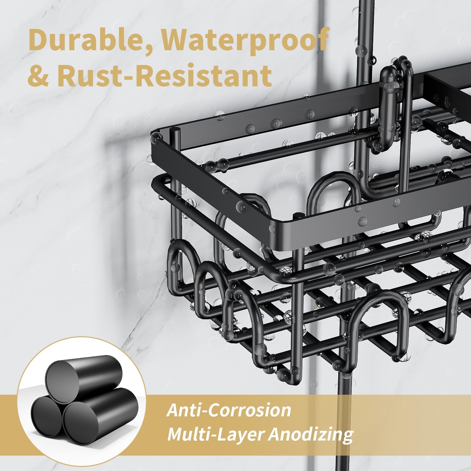Rustproof & Durable – No Swing, No Rust:Crafted from premium stainless steel, this over shower head caddy is rust-resistant and built to last. An included adhesive stickers keeps the shower rack stable—unlike flimsy plastic alternatives that shake or fall
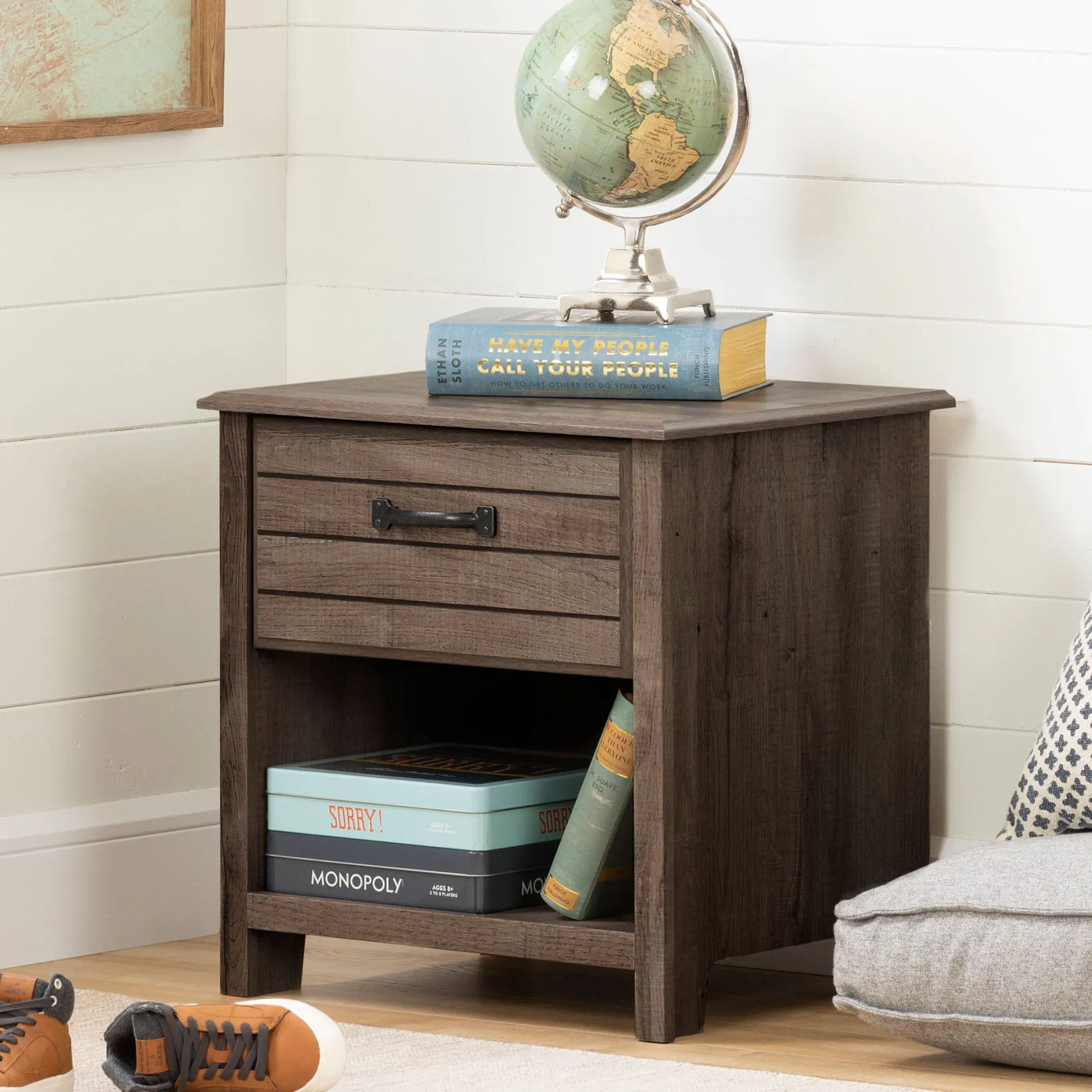 Featuring 1 roomy drawer, open storage on bottom, and a sturdy top, this nightstand is the perfect bedside assistant. With metal slides for smooth and quiet use, access to your belongings is quick and easy. Enjoy an organized room with this trendy nightstand.
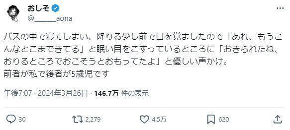 4.5万件以上のいいねを集めたのは、おしそさん(@_______aona)がXに投稿したバスでの出来事です。つかの間の眠りから目覚めたおしそさんを待っていたのは、5歳のお子さんからの、まるで親と子が入れ替わったかのような優しい声掛けでした。
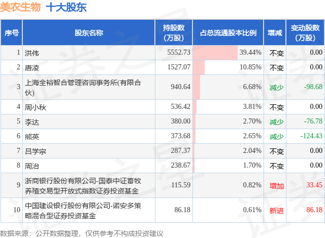 根据美农生物2025年三季报公布的十大股东详情如下:
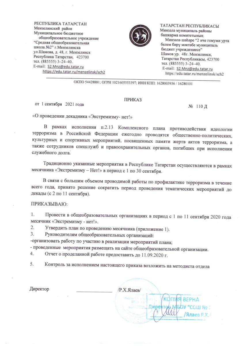Приказ МБОУ "СОШ №2" г. Мензелинска РТ от 01.09.21 г. №110 Д "О преведении декадника "Экстремизму - нет!"
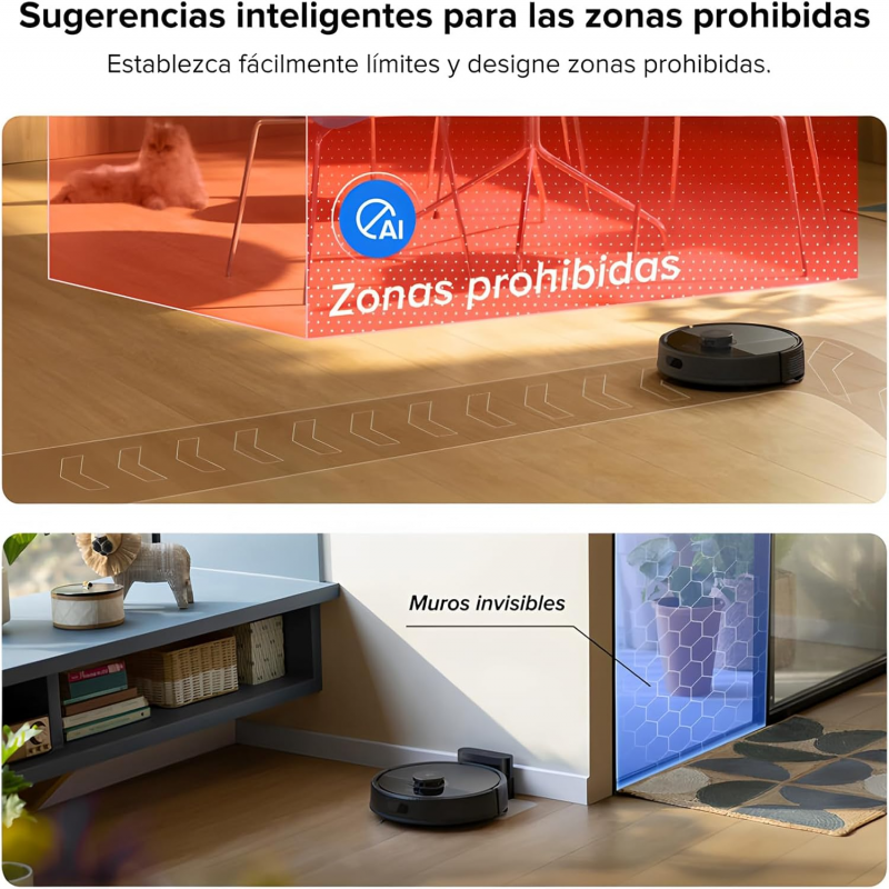 Control inteligente total desde la app Roborock: Gestiona la limpieza de tu robot aspiradora desde tu celular: configura horarios, ajusta la potencia de succión, selecciona zonas prohibidas o adapta niveles de fregado. Todo desde una interfaz intuitiva, para que tengas el control incluso cuando no estás en casa.
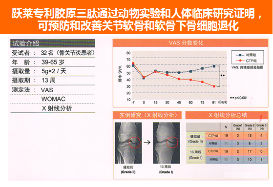 目前市面上的胶原蛋白产品主要有3种,第一代胶原蛋白分子量在3000-5000D,第二代胶原蛋白肽(前面提到健骨产品的主要配料)分子量在1000-3000D,跃莱专利的第三代胶原三肽分子量在280D,而只有三肽形式的胶原蛋白,才能被小肠直接吸收。并且胶原三肽不是像氨基酸那样依靠小肠内不同氨基酸的浓度差进行吸收的,而是小肠内有一个多肽物质的吸收通道,是直接被吸收利用的!吸收后的胶原三肽会直接作用于骨骼,CTP可提高耐力作用,促进钙的吸收,有显著增强老龄骨强度,增强骨骼中羟脯氨酸和骨钙含量,以及增强细胞免疫的作用等多种功效,立体维护骨骼健康。

_ _ _ _ _

### [Problem statement]
The answer must consist of the line containing "г. Мензелинска РТ" and every line after it through the end of the records, retyped exactly, with all pictures left out.

### [Answer space]
Приказ МБОУ "СОШ №2" г. Мензелинска РТ от 01.09.21 г. №110 Д "О преведении декадника "Экстремизму - нет!"
 Control inteligente total desde la app Roborock: Gestiona la limpieza de tu robot aspiradora desde tu celular: configura horarios, ajusta la potencia de succión, selecciona zonas prohibidas o adapta niveles de fregado. Todo desde una interfaz intuitiva, para que tengas el control incluso cuando no estás en casa.
 目前市面上的胶原蛋白产品主要有3种,第一代胶原蛋白分子量在3000-5000D,第二代胶原蛋白肽(前面提到健骨产品的主要配料)分子量在1000-3000D,跃莱专利的第三代胶原三肽分子量在280D,而只有三肽形式的胶原蛋白,才能被小肠直接吸收。并且胶原三肽不是像氨基酸那样依靠小肠内不同氨基酸的浓度差进行吸收的,而是小肠内有一个多肽物质的吸收通道,是直接被吸收利用的!吸收后的胶原三肽会直接作用于骨骼,CTP可提高耐力作用,促进钙的吸收,有显著增强老龄骨强度,增强骨骼中羟脯氨酸和骨钙含量,以及增强细胞免疫的作用等多种功效,立体维护骨骼健康。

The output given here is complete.